::: SOURCE MATERIAL
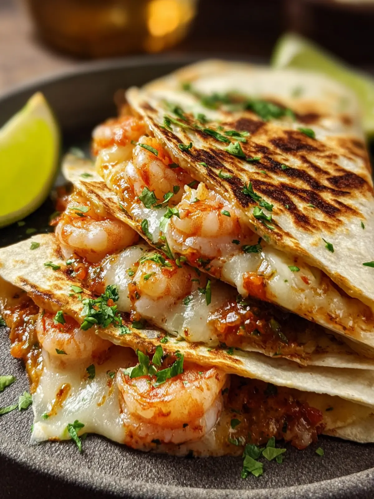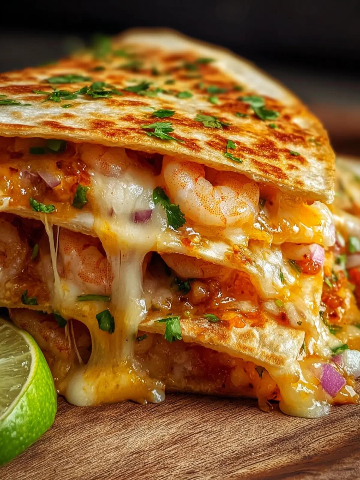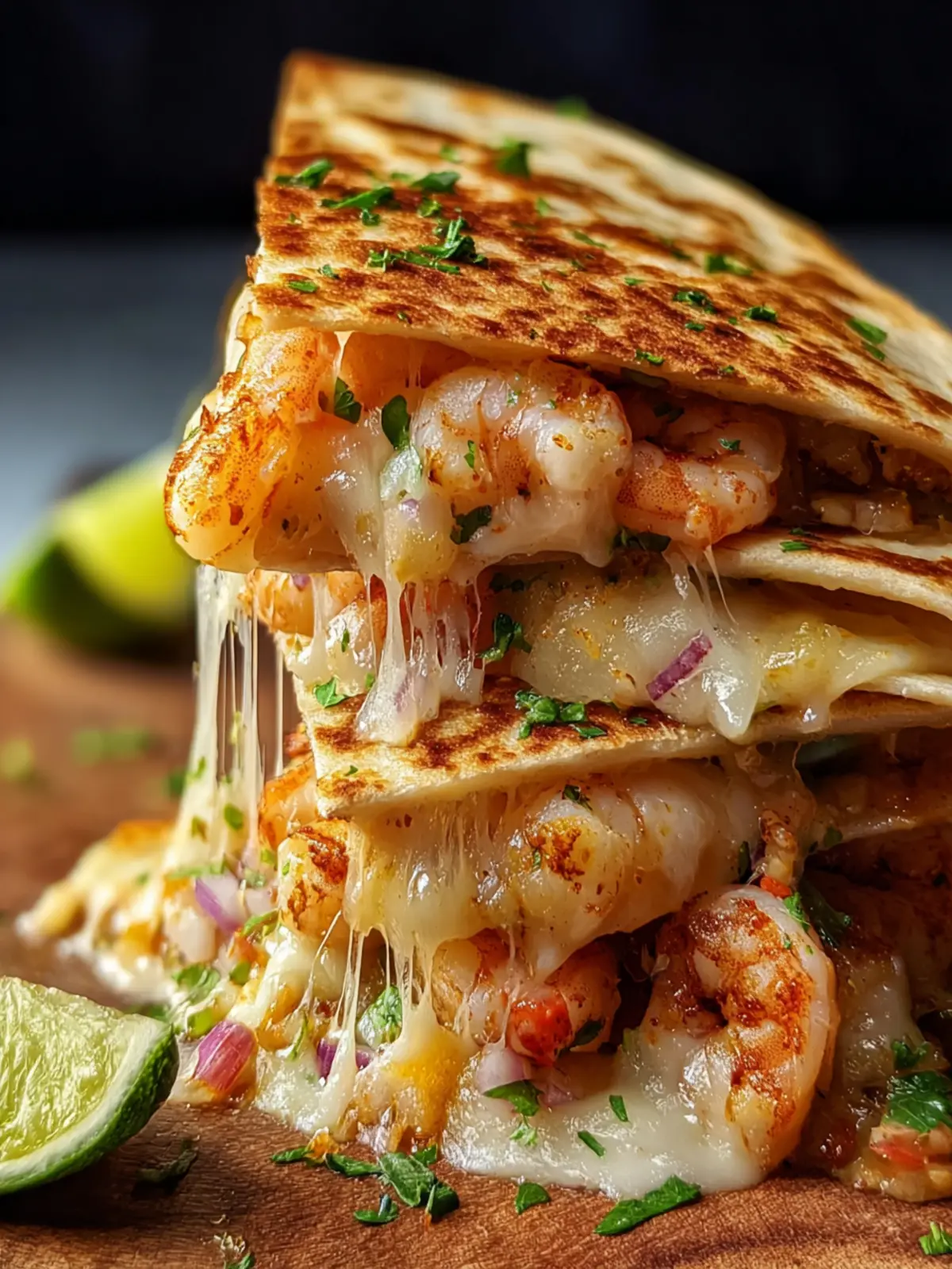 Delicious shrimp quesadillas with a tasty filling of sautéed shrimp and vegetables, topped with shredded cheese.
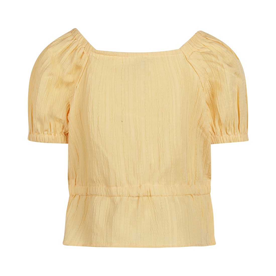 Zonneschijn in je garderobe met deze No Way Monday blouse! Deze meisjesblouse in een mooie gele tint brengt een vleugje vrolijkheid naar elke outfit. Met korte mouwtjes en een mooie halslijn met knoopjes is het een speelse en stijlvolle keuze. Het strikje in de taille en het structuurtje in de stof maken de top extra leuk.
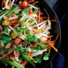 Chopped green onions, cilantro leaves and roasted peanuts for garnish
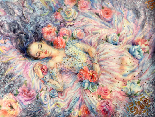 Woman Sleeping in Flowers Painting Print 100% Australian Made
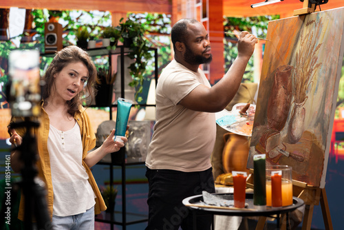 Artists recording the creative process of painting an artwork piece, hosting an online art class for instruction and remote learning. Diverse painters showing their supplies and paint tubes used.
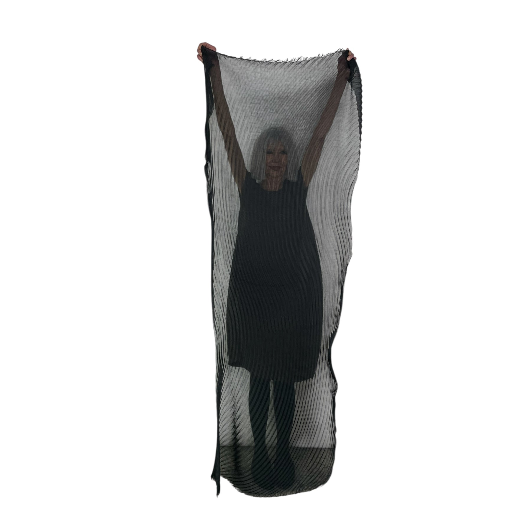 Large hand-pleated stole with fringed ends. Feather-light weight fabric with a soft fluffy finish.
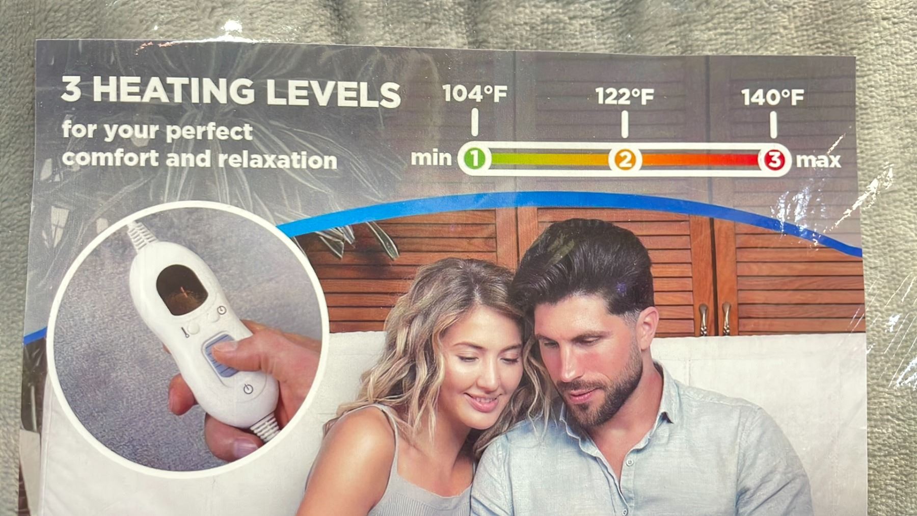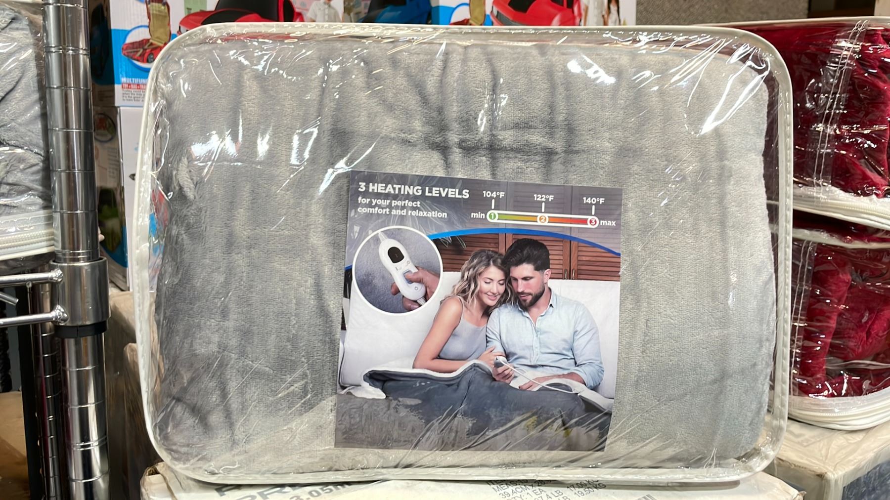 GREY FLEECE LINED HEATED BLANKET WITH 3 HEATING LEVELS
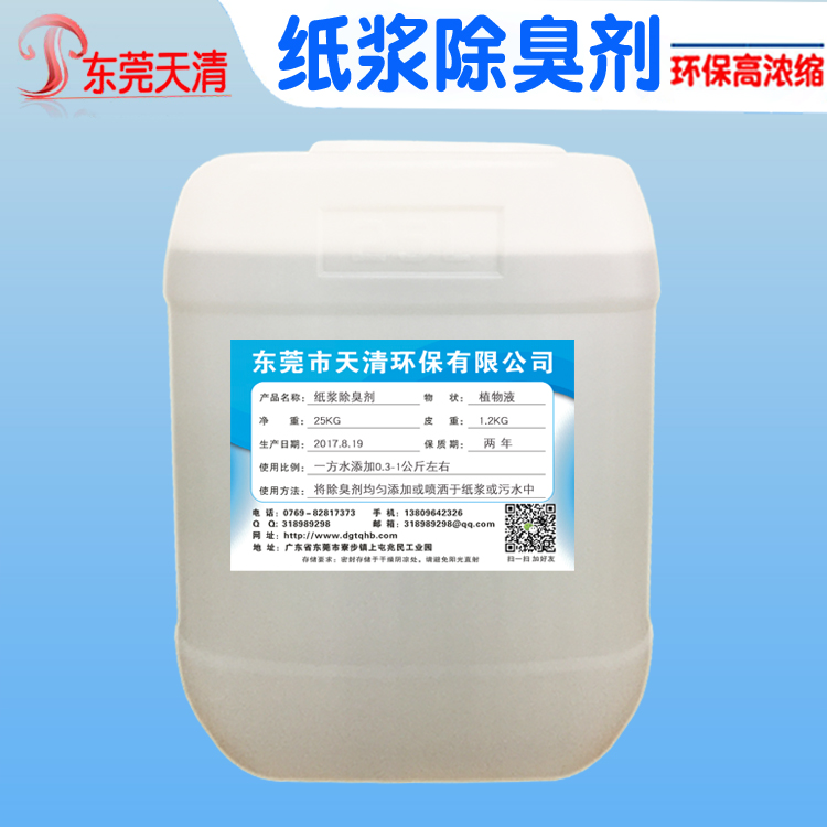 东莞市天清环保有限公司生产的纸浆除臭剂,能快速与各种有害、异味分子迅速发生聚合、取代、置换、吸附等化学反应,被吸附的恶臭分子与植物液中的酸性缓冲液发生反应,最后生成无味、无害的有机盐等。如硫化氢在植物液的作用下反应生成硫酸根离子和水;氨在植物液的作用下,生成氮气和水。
::::::
::: SOURCE MATERIAL
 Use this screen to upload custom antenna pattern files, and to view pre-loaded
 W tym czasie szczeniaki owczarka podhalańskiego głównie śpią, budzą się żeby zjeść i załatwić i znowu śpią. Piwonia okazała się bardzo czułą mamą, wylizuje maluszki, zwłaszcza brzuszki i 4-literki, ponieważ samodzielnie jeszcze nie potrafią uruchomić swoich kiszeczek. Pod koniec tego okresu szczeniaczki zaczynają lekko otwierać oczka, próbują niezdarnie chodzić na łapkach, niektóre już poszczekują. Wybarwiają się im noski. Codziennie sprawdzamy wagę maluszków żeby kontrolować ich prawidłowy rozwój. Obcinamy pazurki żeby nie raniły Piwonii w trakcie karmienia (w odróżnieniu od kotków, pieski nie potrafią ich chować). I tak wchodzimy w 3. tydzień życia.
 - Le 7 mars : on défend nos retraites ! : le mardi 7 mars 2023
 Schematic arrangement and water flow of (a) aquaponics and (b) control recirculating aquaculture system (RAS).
::::::
### WHAT THE TASK REQUIRES
Copy only the lines above from the one containing "Delicious shrimp quesadillas" through the one containing "东莞市天清环保有限公司生产的", both included. Leave out the pictures.

### COMPLETED TASK
 Delicious shrimp quesadillas with a tasty filling of sautéed shrimp and vegetables, topped with shredded cheese.
 Zonneschijn in je garderobe met deze No Way Monday blouse! Deze meisjesblouse in een mooie gele tint brengt een vleugje vrolijkheid naar elke outfit. Met korte mouwtjes en een mooie halslijn met knoopjes is het een speelse en stijlvolle keuze. Het strikje in de taille en het structuurtje in de stof maken de top extra leuk.
 Chopped green onions, cilantro leaves and roasted peanuts for garnish
 Woman Sleeping in Flowers Painting Print 100% Australian Made
 Artists recording the creative process of painting an artwork piece, hosting an online art class for instruction and remote learning. Diverse painters showing their supplies and paint tubes used.
 Large hand-pleated stole with fringed ends. Feather-light weight fabric with a soft fluffy finish.
 GREY FLEECE LINED HEATED BLANKET WITH 3 HEATING LEVELS
 东莞市天清环保有限公司生产的纸浆除臭剂,能快速与各种有害、异味分子迅速发生聚合、取代、置换、吸附等化学反应,被吸附的恶臭分子与植物液中的酸性缓冲液发生反应,最后生成无味、无害的有机盐等。如硫化氢在植物液的作用下反应生成硫酸根离子和水;氨在植物液的作用下,生成氮气和水。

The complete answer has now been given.